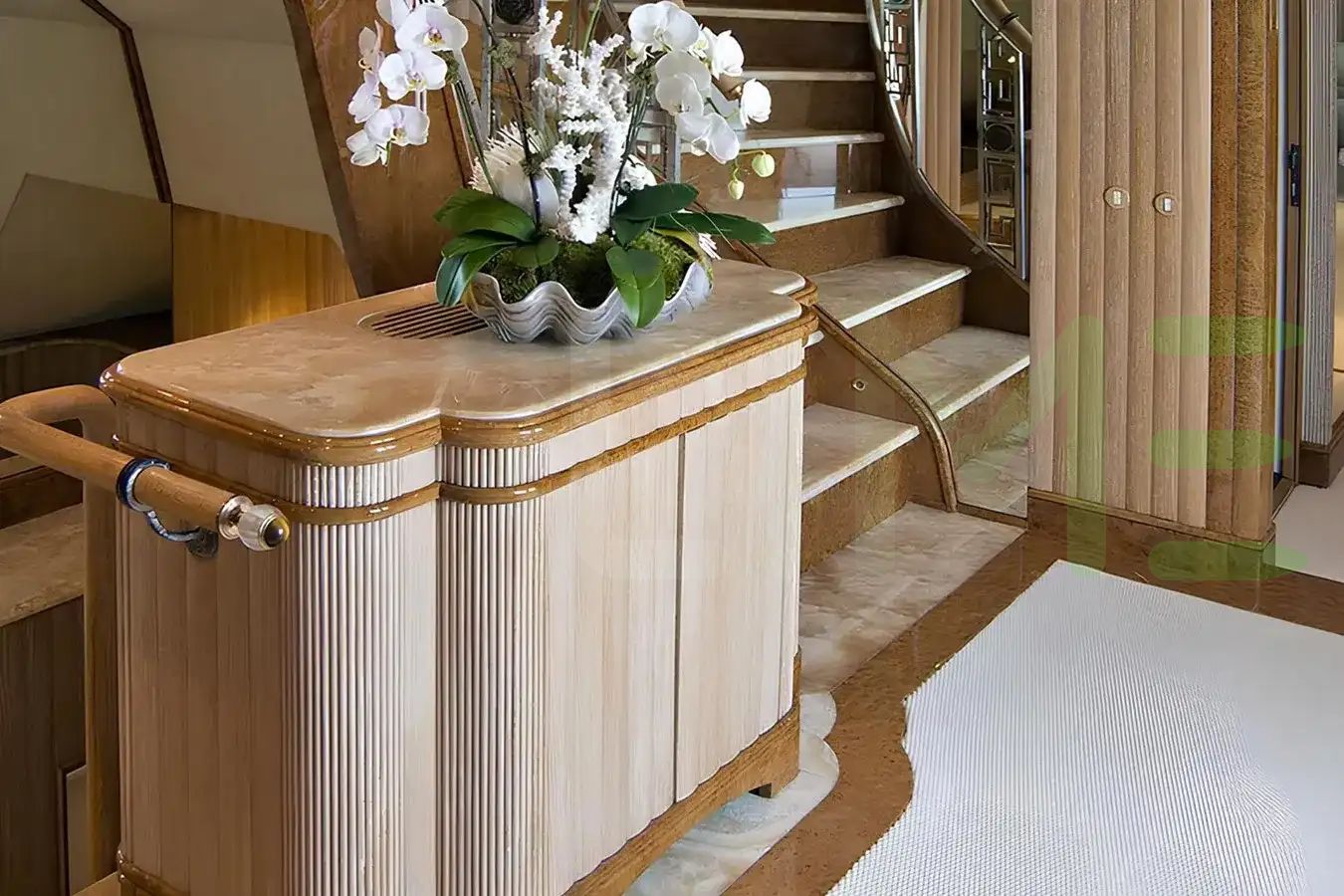 With a gross tonnage of 496, the BARENTS yacht for charter provides ample interior space for enjoyment. BARENTS offers accommodations for up to 12 guests in 6 lavishly appointed staterooms. She can also carry up to 11 crew onboard, including the Captain, to ensure a relaxed luxury yacht charter experience. The interior design by Stefano Natucci exudes a sense of luxury, seamlessly blending comfort with style.
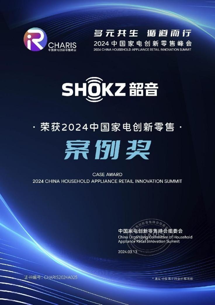 近日,全球家电及消费电子行业的顶流科技盛会,2024年中国家电及消费电子博览会(AWE2024)在上海新国际博览中心开幕。作为2023年开放式耳机和运动耳机全球销量第一(沙利文最新公开报告数据)的专业运动耳机品牌,Shokz韶音今年携其新一代游泳耳机再度惊喜亮相AWE,并在同期举办的2024中国家电创新零售峰会上,一举拿下案例大奖。
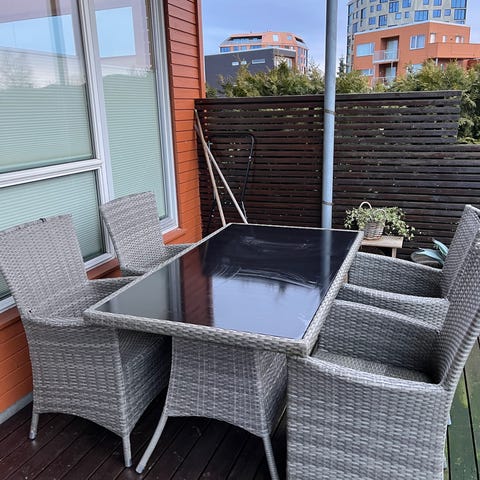 Dette er et kjøkkenbord som har blitt brukt ute som grillbord
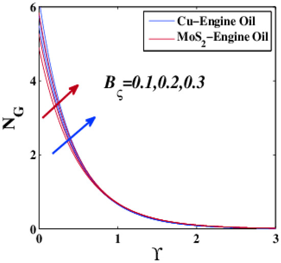 - The local Nusselt number was an ascending function of , and . Moreover, the local Nusselt number was a decreasing function of . The effects of and are valid for both Cu–EO and MoS2–EO. However, the effect of on the local Nusselt number was described as follows: (i) decrease for Cu–EO; (ii) increase for MoS2–EO.
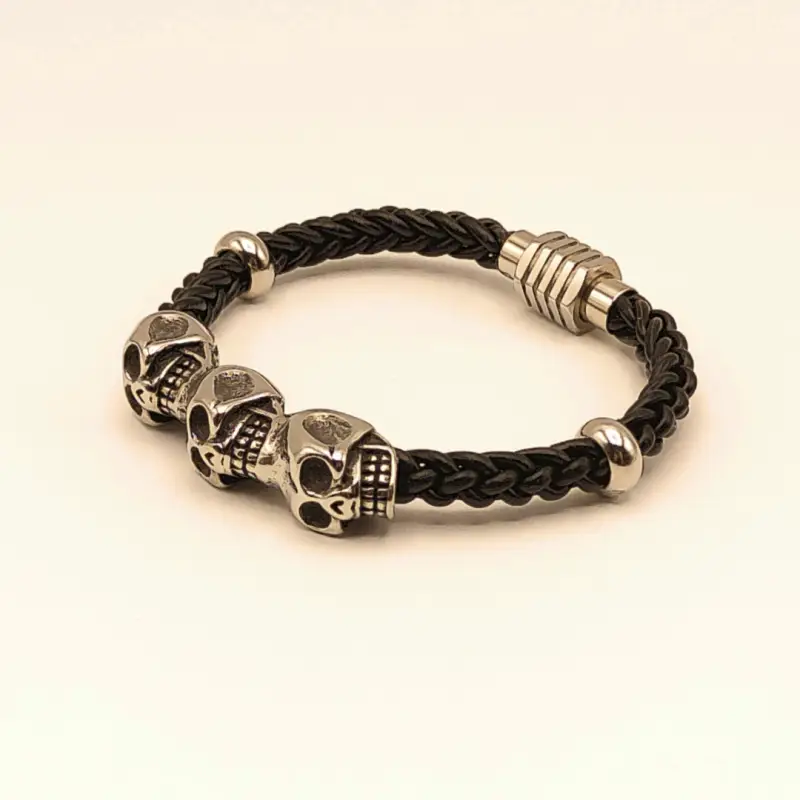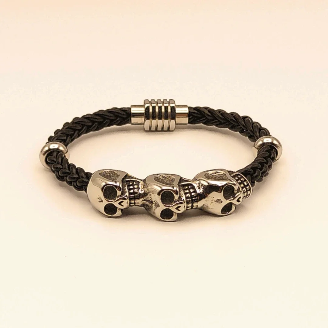 Ce bracelet en cuir tressé à la main par L'Empreinte du Chat, orné de trois crânes en acier. Son fermoir magnétique en acier inoxydable garantit une fermeture sûre et hypoallergénique.
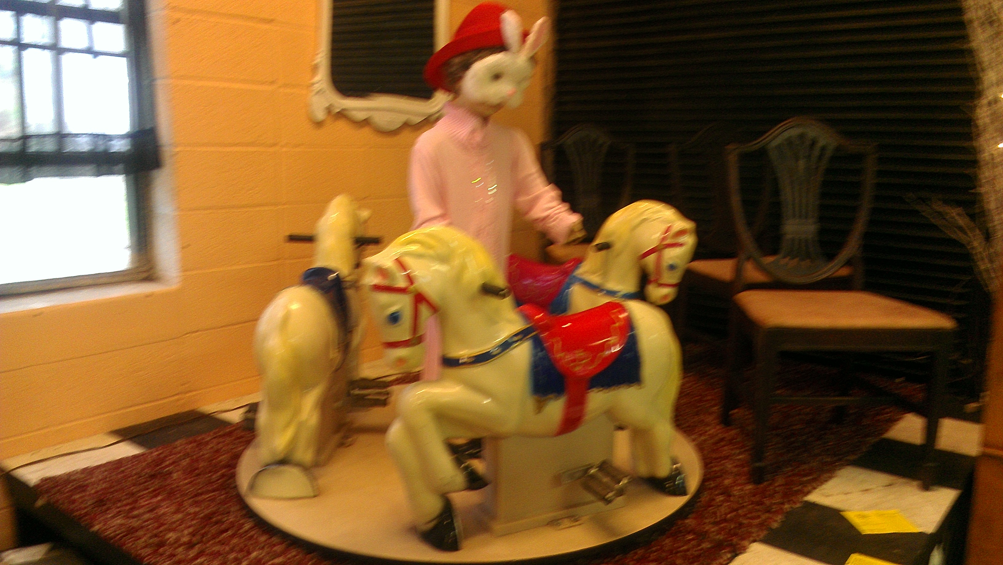 My husband and I are about to purchase an antique 3 horse pedal carousel for our granddaughter for her upcoming birthday. It's aprox 5' around, paint in pretty good shape, all of the pedal and turning/rotating/revolving mechanisms work great. We haven't fully inspected it for any manufacture information, etc. I've searched online for any information relating to the year and estimated value of it but haven't had any luck except for finding a picture of one. I'm hoping that you may able to give me more information or direct me somewhere. (the picture above is not of the carousel we are interested in purchasing but is exactly like it).
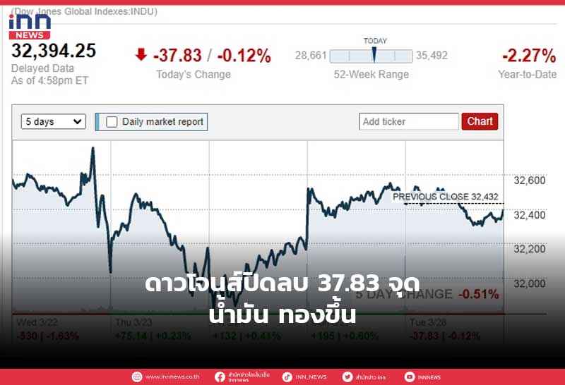 ดาวโจนส์ปิดลบ 37.83 จุด น้ำมัน ทองขึ้น
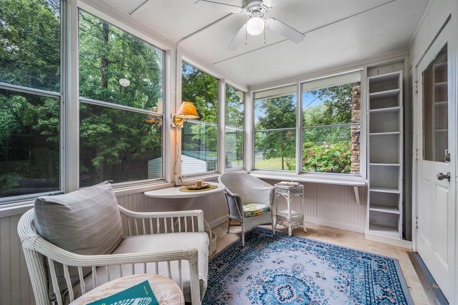 The back sunroom is located between the kitchen and the open deck. With comfortable seating and breeze from the ceiling fan, this delightful space offers another perfect gathering place to unwind and connect with nature :)
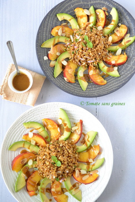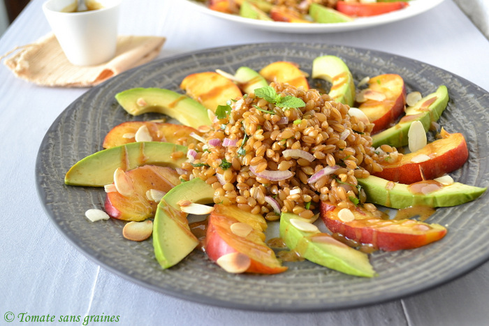 Salade gourmande au petit épeautre {avocat, brugnon & amandes torréfiées}

■ Try it
What is needed is an exact copy of only the lines from the line containing "The back sunroom" through the last line of the entries, inclusive, without the pictures.

■ Response
 The back sunroom is located between the kitchen and the open deck. With comfortable seating and breeze from the ceiling fan, this delightful space offers another perfect gathering place to unwind and connect with nature :)
 Salade gourmande au petit épeautre {avocat, brugnon & amandes torréfiées}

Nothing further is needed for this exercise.